On 06/16/2015 03:19 AM, Kevin Hilman wrote:
Riku Voipio riku.voipio@linaro.org writes:
On 11 June 2015 at 15:18, Milosz Wasilewski milosz.wasilewski@linaro.org wrote:
On 11 June 2015 at 09:31, Alex Shi alex.shi@linaro.org wrote:
The following format would be better than current. | kernel 1| kernel 2| |benchmark 1| value x | value x2| |benchmark 2| value y | value y2|
Again, this isn't possible for single run as we're only running on a single kernel. Such feature requires raw data postprocessing ans most likely will not be a part of LAVA. LAVA will be used to run tests and store raw data. The comparison will happen somewhere else. I just had a meeting with ARM ART (Android RunTime) team and they requested similar comparison features for their benchmarks. They are willing to share code they're using. This includes DB for storing the benchmark results and some scripts that do comparison. So eventually we will get the build-to-build or branch-to-branch comparison. For the moment let's focus on collecting the benchmark data and making sure we store everything you need.

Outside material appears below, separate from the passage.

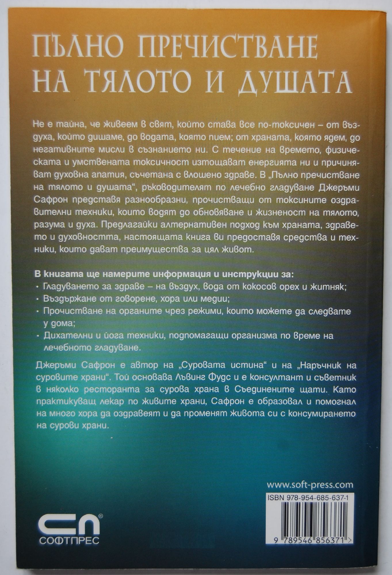 Не е тайна, че живеем в свят, който става все по-токсичен – от въздуха, който дишаме, до водата, която пием; от храната, която ядем, до негативните мисли в съзнанието ни. С течение на времето, физическата и умствената токсичност изтощават енергията ни и причиняват духовна апатия, съчетана с влошено здраве. В “Пълно пречистване на тялото и душата”, ръководителят по лечебно гладуване Джеръми Сафрон представя разнообразни, прочистващи от токсините оздравителни техники, които водят до обновяване и жизненост на тялото, разума и духа. Предлагайки алтернативен подход към храната, здравето и духовността, настоящата книга ви предоставя средства и техники, които дават преимущества за цял живот. В книгата ще намерите информация и инструкции за: * Гладуването за здраве – на въздух, вода от кокосов орех и житняк; * Въздържане от говорене, хора или медии; * Прочистване на органите чрез режими, които можете да следвате у дома; * Дихателни и йога техники, подпомагащи организма по време на лечебното гладуване. Джеръми Сафрон е автор на “Суровата истина” и на “Наръчник на суровите храни”. Той основава Лъвинг Фудс и е консултант и съветник в няколко ресторанта за сурова храна в Съединените щати. Като практикуващ лекар по живите храни, Сафрон е образовал и помогнал на много хора да оздравеят и да променят живота си с консумирането на сурови храни.
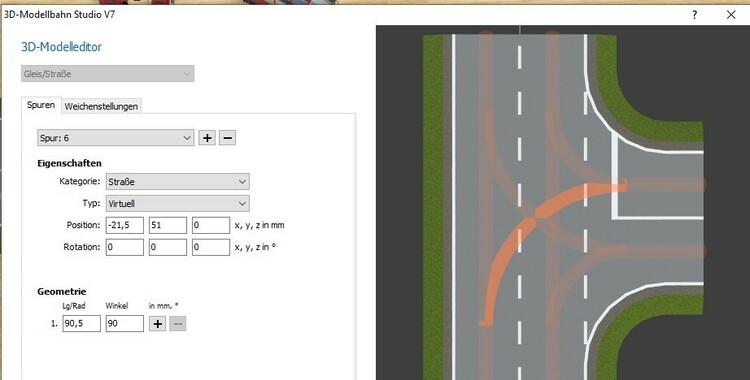 Hallo, den Grund hierfür habe ich gefunden. Es liegt an der Reihenfolge, wie die Spuren in einer Kreuzung definiert sind. Die Abbiegespur ist an Stelle 6 Die Geradeausspur ist an Stelle 10. Erreicht ein Fahrzeug den Schnittpunkt, richtet sich das Fahrzeug (oder eine Fahrzeuggruppe, ob gekoppelt oder nicht) an der niedriger definierten Spur aus. In diesem Fall der Spur 6. Das kann durch Vertauschen der Spuren verifiziert werden. Allerdings lässt sich keine optimale Reihenfolge der Spuren finden. Der Effekt wirkt dann nur auf eine andere Variante verlagert. Die Spurnummer des geraden Stücks, das auf den Schnittpunkt folgt, hat keinen Einfluss auf die Ausrichtung. VG, Hawkeye

It seems LKP itself has result comparing tools. We can upload the raw data as a test run attachment to LAVA, and extract them for post processing with LKP scripts. It is worth at least testing these before re-inventing them.
From a kernel developer PoV, I just want to re-iterate that what's most important for these performance/benchmark "tests" is not the specific values/results, but the comparison of results to other kernels and the trends over time. The trending could be done with LAVA image reports, but the comparison to other kernels will likely need to be some external post-processing tool.

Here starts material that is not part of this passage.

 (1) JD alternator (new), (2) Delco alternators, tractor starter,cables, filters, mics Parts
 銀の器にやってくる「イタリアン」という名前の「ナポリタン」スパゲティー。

Of course, the first phase is the simple pass/fail so we know the benchmarks actualy run (or why they didn't) but the more important phase is the ability to compare performance/benchmarks.
Yes, definitely!
When the different performance result show on different kernel on a same specific board, we know the kernel has an performance issue. Then performance monitor tools, like vmstat/iostat, or the kernel profiling data will give some clues for problem location. Further more, if the testing infrastructure can locate the buggy commit via bisection, it would be perfect!